Stylizing Gatsby

The Great Gatsby movie trailer is out, and I’m suddenly confused. I thought we were getting a 1920s period film, but apparently not.

Instead it looks like one of those stylized, postmodern films. Which means it has potential to go either way. It’s from the same producers and director as Moulin Rouge! (I hated) and the Romeo + Juliet with Leo DiCaprio and Claire Danes (I loved). Something akin to Sin City, but not quite as aggressively styled as that film.

Interestingly, Baz Luhrmann, the director, directed the eight short films for the Schiaparelli and Prada: Impossible Conversations exhibition at the Met.

To be clear, I can tell from the trailer that these costumes are not period accurate. They all look like contemporary fashion interpreting 1920s Halloween costumes. The hair and makeup look like they’re from the present day. The architecture and interior design look much too contemporary to even pretend to be from the 20s. The colors are a bit too bright and the sparkle is a bit too computer generated.

As for the acting, I’m a bit let down by this first look. I imagined Leo with prohibition-like swagger, but I don’t see that here. And Carey Mulligan as Daisy Buchanan seemed like good casting to me, but she doesn’t seem to have to mastered Daisy’s charms. Hopefully it’s just that this trailer doesn’t capture the actors fully realizing their roles, instead of disappointing performances.

I think I could wrap my head around this version of The Great Gatsby if the film never came right out and said “this is the 1920s.” If they just pretend it’s a roaring ambiguous-moment-in-time-that-never-happened, it might work. But in the trailer’s opening seconds the voiceover tells us it’s 1922. Ugh.

So what do you think? Do you like postmodern film that mashes up time periods and styles for effect? Or do you think classics should stay true to their origin?

Rodarte on Stage

The Mulleavy sisters of Rodarte are trying their hand at costume design again, this time on the stage. Kate and Laura Mulleavy designed costumes for Mozart’s opera Don Giovanni performed by the L.A. Philharmonic. The show opens May 18 at the Walt Disney Concert Hall and features 20 costumes by the duo, including gowns and menswear.

This project comes after the controversy that surrounded credits for the film Black Swan. Kate and Laura created seven ballet costumes for the movie. After the release of Black Swan, reports about how many costumes they actually designed were exaggerated, and head costume designer Amy Wescott was vilified by the fashion media and in quotes from Kate and Laura. It was disappointing to read the contrived drama about what should have been a successful and celebrated collaboration. Hopefully this time around there won’t be any controversy as the Mulleavy sisters don’t have to share credit for their costume designs for the opera.

I have mixed feelings about Rodarte. The sisters’ designs have evolved toward sophistication, and their construction techniques have improved over time. They have an avant-garde aesthetic. They find inspiration and beauty everywhere, especially in untraditional places. This has gotten the Mulleavys into trouble in the past though — a beauty collaboration with MAC based on Mexico’s colors and culture was called “tasteless,” and their fall 2012 collection was accused of being offensive and insensitive because of its appropriation of Australian aboriginal designs. There is a long traditional of avant-garde fashion designers working in costume design on the stage, so it’s nice to see Rodarte carrying on that torch.
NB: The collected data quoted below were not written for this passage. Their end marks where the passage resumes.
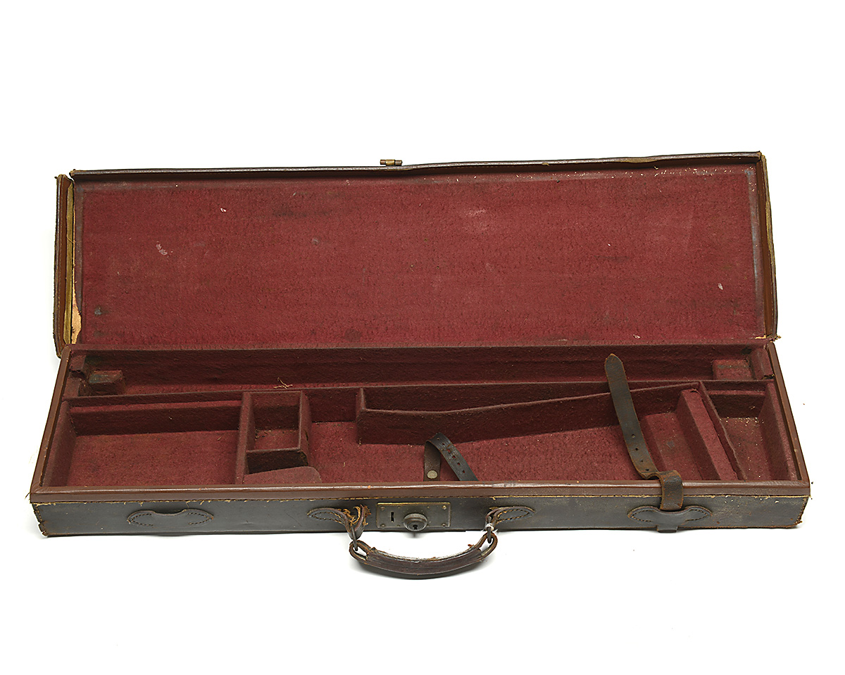 A LEATHER SINGLE GUNCASE, fitted for 30in. barrels, the interior lined with maroon baize, brass lock (including key), handle needs attention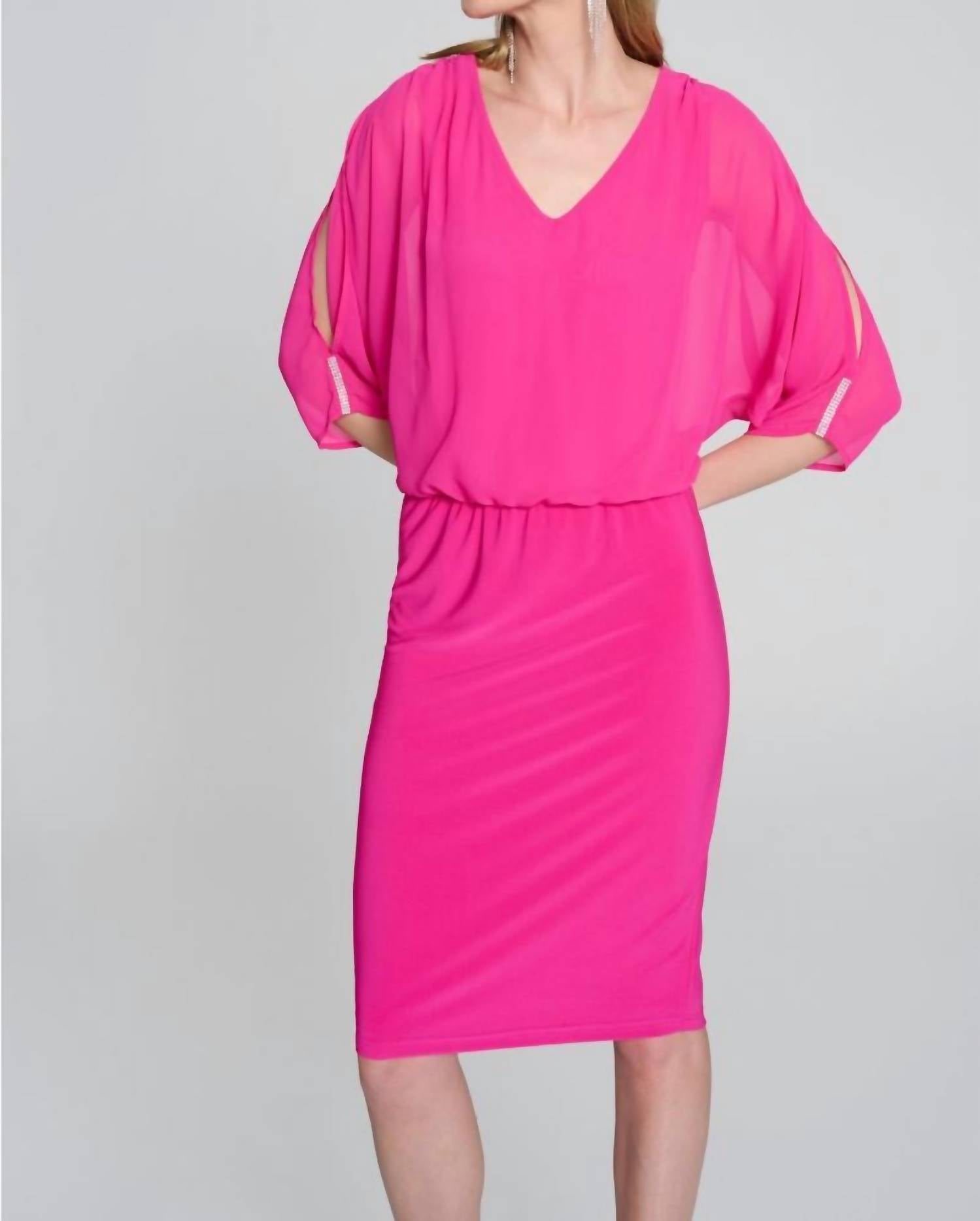 A midi dress so versatile, your options for wearing it are endless. Elevate your summer wardrobe with the Joseph Ribkoff Embellished Slit Sleeve Blouson Sheath Dress in a striking shocking pink hue. Featuring elbow sleeves with rhinestone embellishments, this dress is composed of 100% polyester and is designed with a sophisticated knee-length hem and V-neckline. Its pull-on style offers seamless elegance, while the fully lined interior ensures comfort. Care is simple: just hand wash and line dry to maintain its pristine condition, making it a perfect choice for Valentine's Day and other special occasions.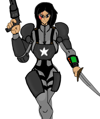 I like how this one came out...I'm not particularly caring for her hairstyle right here, but it's not horrible. I'm still trying to decide if I'm gonna give her short hair like she has here [link] keep it mid length like it is here, or make it between short and mid length like it is here [link] Or, being that she is a cyborg, I thought about her having different head covers/wigs as her hair. I'll figure something out. I'm loving the silver halo effect...it gives the illusion of her armor being shiny, and with the black it makes her look a bit more mechanical and menacing IMO. And of course I'm loving the lens flare on her eye! Maybe I should've added more detail to her gun...oh well.

No matter what the Mulleavy sisters do in the future, I’m sure they will stay in the headlines.

Not Your Average Ballet

I am swooning hard over the avant-garde costumes designed by Gareth Pugh for the ballet production Carbon Life.

The ballet premiered last week at the Royal Opera House in London. It was choreographed by Wayne McGregor, resident choreographer of the Royal Ballet, and scored by Mark Ronson.

I really wish I could see this creation. Oh fairy god mother, plane tickets to London please?

Exhibition File – Art of Motion Picture Costume Design

If you will be in Los Angeles this month, don’t miss the “Art of Motion Picture Costume Design” at the Fashion Institute of Design and Merchandising Museum and Galleries. The exhibition features more than 100 costumes from 20 films released in 2011. The show closes on April 28, so don’t wait!